Quantitative comparison. In Table 1, we compare the performance of our proposed method with four other methods. Five objective metrics are employed: Artfid and Fid are used to quantify the distribution distance between generated images and real images (lower values indicate better generation quality); SS and Lpips are utilized to measure the perceptual similarity between images; CSD is applied to calculate the style similarity between images (higher values indicate more effective style transfer). Additionally, one subjective metric, “Preference,” is obtained through a subjective preference survey involving 100 participants. The experimental results demonstrate that our method exhibits advantages across most evaluation metrics: its Artfid (34.2) and Fid (24.6) are the minimum values, and the CSD score (0.41) is the maximum value, which confirms the superior objective quality of the generated images. Moreover, the Preference metric reaches 0.31, far exceeding that of the comparison methods, indicating a higher level of subjective acceptance among users. In summary, our method significantly outperforms the comparison methods in both objective performance and subjective preference, effectively validating the superiority of our proposed method.

Ablation study

Following CLIP-based feature extraction, an adaptive weighting scheme was applied to the extracted features. Compared to the baseline scenario without weight modulation, this approach attenuated attention to black background regions across multiple spatial locations while enhancing stylistic attention to subject content areas, as visualized in Fig. 7.
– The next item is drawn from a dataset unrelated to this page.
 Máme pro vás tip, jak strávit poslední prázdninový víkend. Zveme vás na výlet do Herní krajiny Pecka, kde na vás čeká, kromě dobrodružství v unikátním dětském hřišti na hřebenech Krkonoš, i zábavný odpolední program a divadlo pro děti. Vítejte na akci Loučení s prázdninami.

Comparing with InstantStyle in the style extraction of pure background reference images, as shown in Fig. 8, Empirical analysis reveals that background weight attenuation leads to significantly enhanced attention to content style features, resulting in generated images with closer stylistic alignment to the reference content. In contrast, InstantStyle exhibits sensitivity to dark background pixels, leading to systematic darkening of generated outputs.
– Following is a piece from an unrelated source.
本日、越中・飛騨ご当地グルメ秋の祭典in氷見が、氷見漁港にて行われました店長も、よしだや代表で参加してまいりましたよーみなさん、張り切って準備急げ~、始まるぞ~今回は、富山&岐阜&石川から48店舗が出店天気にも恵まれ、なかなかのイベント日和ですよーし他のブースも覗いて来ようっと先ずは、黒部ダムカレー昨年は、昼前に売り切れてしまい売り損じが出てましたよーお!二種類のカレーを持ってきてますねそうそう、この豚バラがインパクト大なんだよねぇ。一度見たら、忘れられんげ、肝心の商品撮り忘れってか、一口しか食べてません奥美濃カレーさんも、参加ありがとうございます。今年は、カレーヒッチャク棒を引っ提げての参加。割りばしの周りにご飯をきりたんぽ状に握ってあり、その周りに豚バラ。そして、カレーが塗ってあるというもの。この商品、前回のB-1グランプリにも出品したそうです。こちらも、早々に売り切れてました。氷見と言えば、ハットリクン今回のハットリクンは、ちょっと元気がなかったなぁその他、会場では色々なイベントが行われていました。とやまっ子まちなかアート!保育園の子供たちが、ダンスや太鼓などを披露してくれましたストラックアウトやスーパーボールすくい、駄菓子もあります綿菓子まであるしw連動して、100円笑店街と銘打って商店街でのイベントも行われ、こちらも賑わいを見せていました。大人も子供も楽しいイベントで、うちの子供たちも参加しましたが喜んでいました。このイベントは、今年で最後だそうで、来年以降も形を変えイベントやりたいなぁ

Figure 8 demonstrates the effects of reducing the proportion of monochromatic backgrounds while maintaining consistent content styles. Empirical analysis reveals that high background proportions are associated with the emergence of irregular artifacts in style-transferred images, often accompanied by compromised content fidelity. As the monochromatic background ratio decreases, these artifacts gradually resolve into well-defined structures, coinciding with improvements in principal content quality. At minimal background proportions, both irregular artifact formation and content degradation are effectively mitigated.

Quantitative analysis of balancing parameter K across multiple image metrics identified an empirically determined optimal range of 0.2–0.5, as visualized in Fig. 10. Figure 11 demonstrates that increasing background weight K leads to progressive darkening of generated images, accompanied by amplified influence of background pixels. Conversely, reducing K shifts the model’s focus toward thematic content regions, enhancing stylistic alignment with target subjects. However, excessively low values (e.g., K=0) induce abrupt feature discontinuities, resulting in suboptimal image quality due to insufficient information propagation. Based on these findings, we recommend setting K within the range of 0.2–0.5 to balance stylistic consistency and content fidelity.

Conclusion

This paper introduces PSC-DG, a novel framework addressing the challenge of fine-grained stylistic control in text-to-image synthesis. By synergistically integrating the semantic segmentation capabilities of the Segment Anything Model (SAM) with the decoupled cross-attention architecture of IP-Adapter⁷, PSC-DG enables accurate extraction and integration of multiple reference image styles, significantly enhancing output stylistic diversity. Methodologically, a multi-image decoupling mechanism is proposed to disentangle textual and multi-image feature representations, enabling granular control over per-reference image style weights. Additionally, style-specific attention layers are strategically designated for style feature infusion, mitigating content leakage while preserving stylistic expressiveness. At the preprocessing stage, distinct optimization strategies for background and content styles enhance the encoder’s capacity to distill precise style representations.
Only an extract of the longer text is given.